When I had finished, I read it through. Could any man guess from that innocent little postscript, the mad errand I had in contemplation? I think I know now why women are such past-masters in the use of that particular form of letter writing. As a method of diplomacy, there is nothing to touch it. What you say in a postscript can have no possible significance to the man who reads it. Were it a matter of dignity alone, no one would admit to themselves that you had treated them with such scant courtesy. No—that postscript was the one bright spot in my letter, and therewith I sealed it up.

When I came back to the fire, there was Dandy still staring at the leaping antics of the canary-colored flame. I sat down on the hearthrug and put one arm round his neck.

"You can see that satin gown, too, can you?" said I. Dandy blinked his eyes. "And do you think she'll be grateful?" I went on. "Do you really imagine that any woman is grateful to a rank outsider for breaking her heart? It will break her heart, you know. She's breaking it now, longing for her blue skies and her palm trees—but if we send her back there without him, it'll break her heart altogether. Yet that's what we shall have to do. We shall have to send her back again. What do you think about it all?"

Dandy yawned towards the fire, and the yellow flame danced higher than ever. At moments it looked as though it were going to leap up the chimney out of sight, yet always it came back into the heart of the fire once more like a spirit chained to the furnace.

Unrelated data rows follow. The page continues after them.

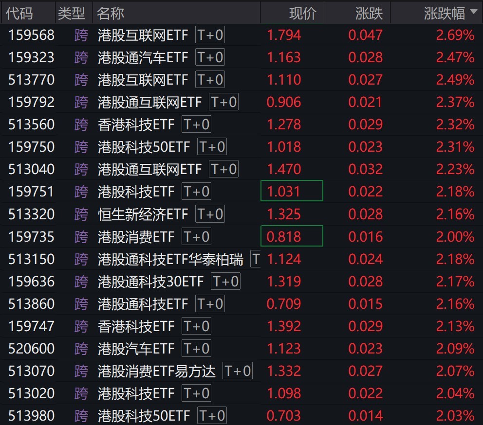 每经记者 叶峰 每经编辑 肖芮冬 港股早盘走强,多只港股相关ETF大涨逾2%。 有券商表示,短期内,随着AI应用场景逐渐落地,投资者情绪较为乐观。随着新质生产力发展和国内促消费政策实施,港股公司 ...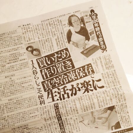 私のお勧めしている冷凍作り置きの「自家製レトルト」や真空シールして食材を保存する方法、セカンド冷凍庫などを取材いただき、料理教室の生徒様の活用方法などについても丁寧に書いていただきました。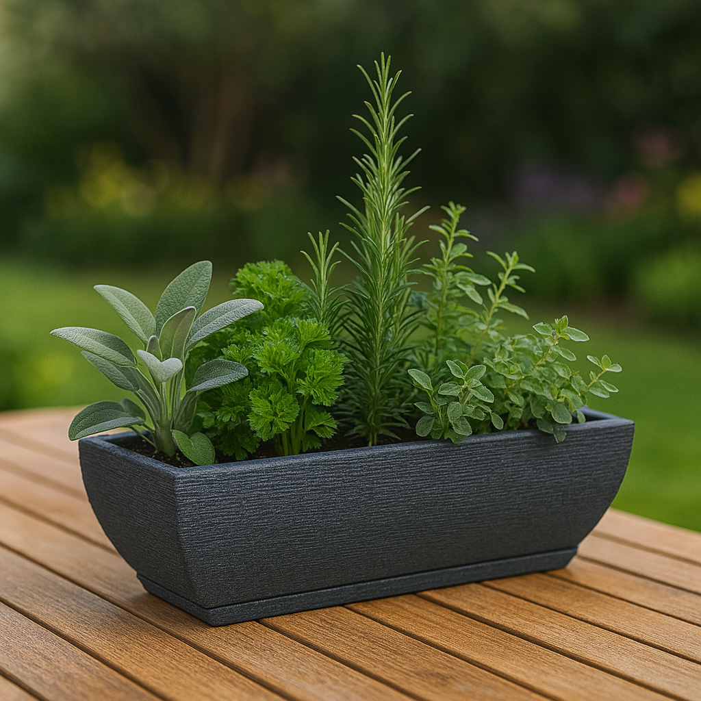 Aporta armonía y calidez a tu casa o jardín con la línea de macetas Ámsterdam Graphito de Floridis. Práctica y resistente, este macetero rectangular de 48x16 cm. en color gris oscuro y textura símil piedra es perfecto para tu terraza o jardín.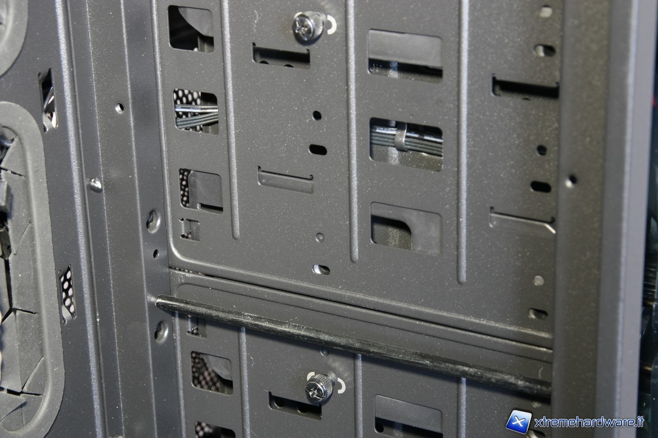 La ventilazione interna merita una riflessione,sicuramente sarà quasi obbligatorio adottare due ulteriori ventole per massimizzare la ventilazione interna del case,il nostro consiglio è quello di disporle internamente nel fondo del case,sfruttando così anche la presenza dei filtri antipolvere. Lasciando il Trooper così come si presenta all’acquisto, non avremo ventole che immetteranno aria all'interno del cabinet. Girando i supporti per gli hard disk, la situazione sicuramente migliorerà, dipendemente comunque da quante unità abbiamo intenzione di montare. Nel caso infatti in cui gli hard disk siano meno di 3, potremo girare uno dei due sopporti, beneficiando quindi di un minimo di ventilazione in ingresso che gioverà sicuramente ai nostri componenti interni.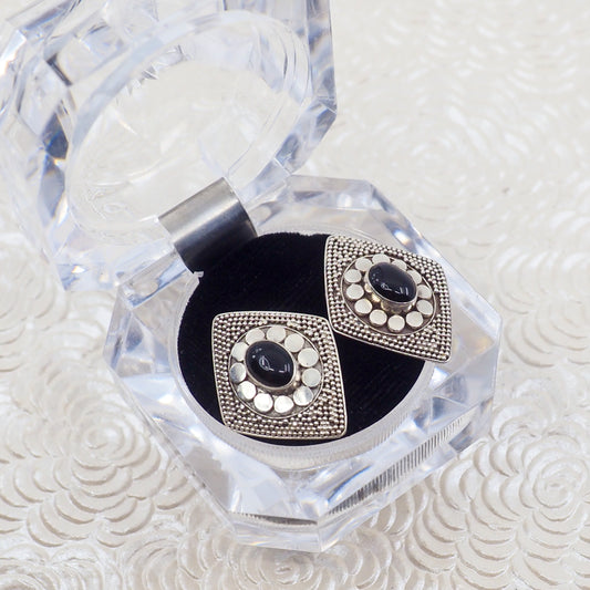 Vintage 1980s Black Onyx Cabochon and Sterling Diamond-Shaped Stud Earrings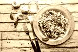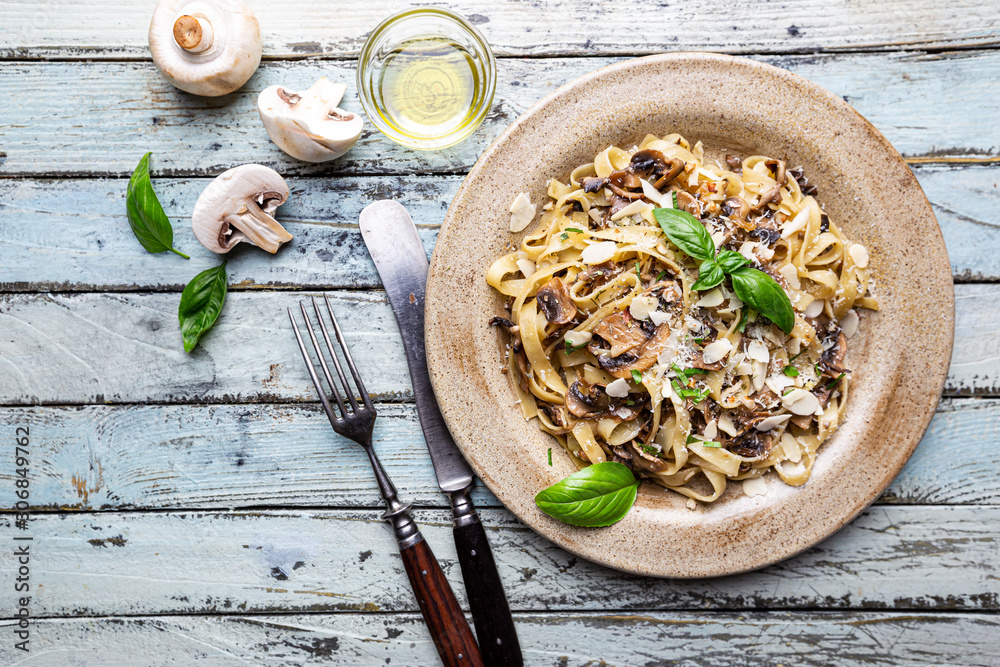 Tagliatelle pasta with mushrooms, cheese and Basil Leaf on the plate, top view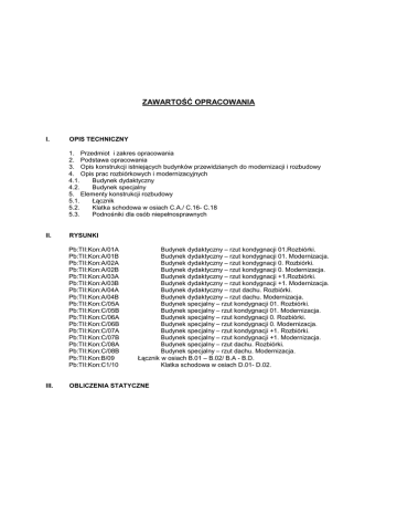 ZAWARTOŚĆ OPRACOWANIA I. OPIS TECHNICZNY 1. Przedmiot i zakres opracowania 2. Podstawa opracowania 3. Opis konstrukcji istniejących budynków przewidzianych do modernizacji i rozbudowy 4. Opis prac rozbiórkowych i modernizacyjnych 4.1. Budynek dydaktyczny 4.2. Budynek specjalny 5. Elementy konstrukcji rozbudowy 5.1. Łącznik 5.2. Klatka schodowa w osiach C.A./ C.16- C.18 5.3. Podnośniki dla osób niepełnosprawnych II. RYSUNKI Pb:TII:Kon:A/01A Pb:TII:Kon:A/01B Pb:TII:Kon:A/02A Pb:TII:Kon:A/02B Pb:TII:Kon:A/03A Pb:TII:Kon:A/03B Pb:TII:Kon:A/04A Pb:TII:Kon:A/04B Pb:TII:Kon:C/05A Pb:TII:Kon:C/05B Pb:TII:Kon:C/06A Pb:TII:Kon:C/06B Pb:TII:Kon:C/07A Pb:TII:Kon:C/07B Pb:TII:Kon:C/08A Pb:TII:Kon:C/08B Pb:TII:Kon:B/09 Pb:TII:Kon:C1/10 III. Budynek dydaktyczny – rzut kondygnacji 01.Rozbiórki. Budynek dydaktyczny – rzut kondygnacji 01. Modernizacja. Budynek dydaktyczny – rzut kondygnacji 0. Rozbiórki. Budynek dydaktyczny – rzut kondygnacji 0. Modernizacja. Budynek dydaktyczny – rzut kondygnacji +1.Rozbiórki. Budynek dydaktyczny – rzut kondygnacji +1. Modernizacja. Budynek dydaktyczny – rzut dachu. Rozbiórki. Budynek dydaktyczny – rzut dachu. Modernizacja. Budynek specjalny – rzut kondygnacji 01. Rozbiórki. Budynek specjalny – rzut kondygnacji 01. Modernizacja. Budynek specjalny – rzut kondygnacji 0. Rozbiórki. Budynek specjalny – rzut kondygnacji 0. Modernizacja. Budynek specjalny – rzut kondygnacji +1. Rozbiórki. Budynek specjalny – rzut kondygnacji +1. Modernizacja. Budynek specjalny – rzut dachu. Rozbiórki. Budynek specjalny – rzut dachu. Modernizacja. Łącznik w osiach B.01 – B.02/ B.A - B.D. Klatka schodowa w osiach D.01- D.02. OBLICZENIA STATYCZNE I. 1. OPIS TECHNICZNY PRZEDMIOT I ZAKRES OPRACOWANIA Przedmiotem tej części opracowania jest projekt budowlany modernizacji Budynku Dydaktycznego oraz Budynku Specjalnego, będących częścią kompleksu budynków XXXIX Liceum Ogólnokształcącego im. Lotnictwa Polskiego zlokalizowanego w Warszawie przy ul. Lindego 20. Zakres projektu obejmuje określenie metody i kolejności rozbiórki fragmentów elementów konstrukcyjnych oraz projekt wykonania nowych elementów konstrukcyjnych koniecznych do prawidłowego uŜytkowania budynków zgodnie z nowym programem uŜytkowym. Niniejszy projekt posiada stopień szczegółowości i zakres rzeczowy zgodny z właściwymi przepisami Rozporządzenia Ministra Infrastruktury z dnia 3 lipca 2003 r. w sprawie szczegółowości zakresu i formy projektu budowlanego (Dz.U. Nr 120 poz.1133) i słuŜy wyłącznie procedurze uzyskania pozwolenia na budowę. 2. PODSTAWA OPRACOWANIA Podstawą opracowania jest : - 3. Archiwalny projekt wstępny szkoły wraz z pawilonem sportowym zlokalizowanej w Warszawie na osiedlu Młociny przy ul. Lindego 20 , wykonany przez Miastoprojekt Stolica – Północ w 1962 roku Wizja lokalna przedmiotu rozbiórki wykonana przez autorów niniejszego opracowania w dniu 05.10.2006 r. Ekspertyza techniczna wykonana w listopadzie 2006 r. przez uprawnionego rzeczoznawcę mgr inŜ. Zbigniewa Kubiaka potwierdzająca moŜliwość wykonania modernizacji. Architektoniczny projekt budowlany modernizacji i rozbudowy budynków : dydaktycznego i specjalnego. OPIS KONSTRUKCJI ISTNIEJĄCYCH BUDYNKÓW PRZEWIDZIANYCH DO MODERNIZACJI I ROZBUDOWY Modernizowane budynki : dydaktyczny i specjalny są częścią kompleksu budynków XXXIX Liceum ogólnokształcącego im. Lotnictwa Polskiego zlokalizowanego przy ul. Lindego 20 w Warszawie. a) BUDYNEK DYDAKTYCZNY Budynek dydaktyczny jest budynkiem dwukondygnacyjnym podpiwniczonym wykonanym w technologii tradycyjnej. Ściany konstrukcyjne w układzie podłuŜnym wykonano jako murowane, natomiast stropy jako gęstoŜebrowe systemu Ackermana w dwu sześciometrowych traktach. Stropy oparte są na podłuŜnych ścianach zewnętrznych oraz podłuŜnej ścianie środkowej. Konstrukcja dachu wykonana jest z płyt korytkowych rozpiętości 6 m z jednostronnym spadkiem. Płyty oparte są na podłuŜnych ścianach konstrukcyjnych. Budynek ma wymiary w rzucie 70x12 m i usytuowany jest podłuŜną osią w kierunku wschód zachód. W północnych naroŜnikach budynku zlokalizowano klatki schodowe komunikujące wszystkie kondygnacje budynku. Sztywność przestrzenną obiektu zapewniają podłuŜne ściany konstrukcyjne jak równieŜ poprzeczne ściany usztywniające, w tym ściany naroŜnych klatek schodowych. Od strony północnej do budynku dydaktycznego przylega parterowy budynek administracyjny o wymiarach w rzucie ok. 11x11 m . Budynek administracyjny połączony jest z dydaktycznym w osiach A.13 – A.15 niewielkim łącznikiem w poziomie parteru. Podpiwniczenie budynku zrealizowano jako częściowe głownie w południowej części o raz w rzucie klatek schodowych. Od strony północnej w poziomie piwnicy zlokalizowano kanał techniczny c.o. Przestrzenie pomiędzy ścianami konstrukcyjnymi są w głównej mierze zasypane. b) BUDYNEK SPECJALNY Budynek specjalny jest budynkiem dwukondygnacyjnym podpiwniczonym wykonanym w technologii tradycyjnej. Ściany konstrukcyjne w układzie podłuŜnym wykonano jako murowane, natomiast stropy jako gęstoŜebrowe systemu Ackermana w dwu sześciometrowych traktach zewnętrznych i jednym , środkowym trakcie korytarzowym o szerokości 2,70 m. Stropy oparte są na podłuŜnych ścianach zewnętrznych oraz podłuŜnych ścianach środkowych. Ściany zewnętrzne podłuŜne wykonane są z elementów prefabrykowanych w postaci Ŝelbetowych ramek długości 220 cm i wysokości równej wysokości kondygnacji. Ramki Składają się z 2 słupków połączonych nadproŜem i Ŝelbetowym pasmem podokiennym. Konstrukcja dachu wykonana jest z płyt korytkowych rozpiętości 6,00 i 2,70 m z jednostronnym spadkiem. Płyty oparte są na podłuŜnych ścianach konstrukcyjnych. Budynek ma wymiary w rzucie 40x15,6 m i usytuowany jest podłuŜną osią w kierunku wschód zachód. Budynek posiada 1 klatkę schodową zl

Three days later there came a reply from Ballysheen.

"There's not a fish in the water," wrote Townshend. "But come all the same, you never know. Your company is as good as any twenty-pounder in the slackest of seasons." "What, is he lonely too?" I thought. "There are Miss Fennells here," the letter continued, "but for God's sake don't talk of them as old maiden ladies—Miss Emily wears an orange-colored wig, so they say in Ballysheen—and she would have you know that at thirty-seven a woman is in her prime. I don't promise you entertainment from them—but come anyway."

And I am going. I have just rung the bell for Moxon, and Dandy already is beginning to lift his nose to the scent of adventure in the wind.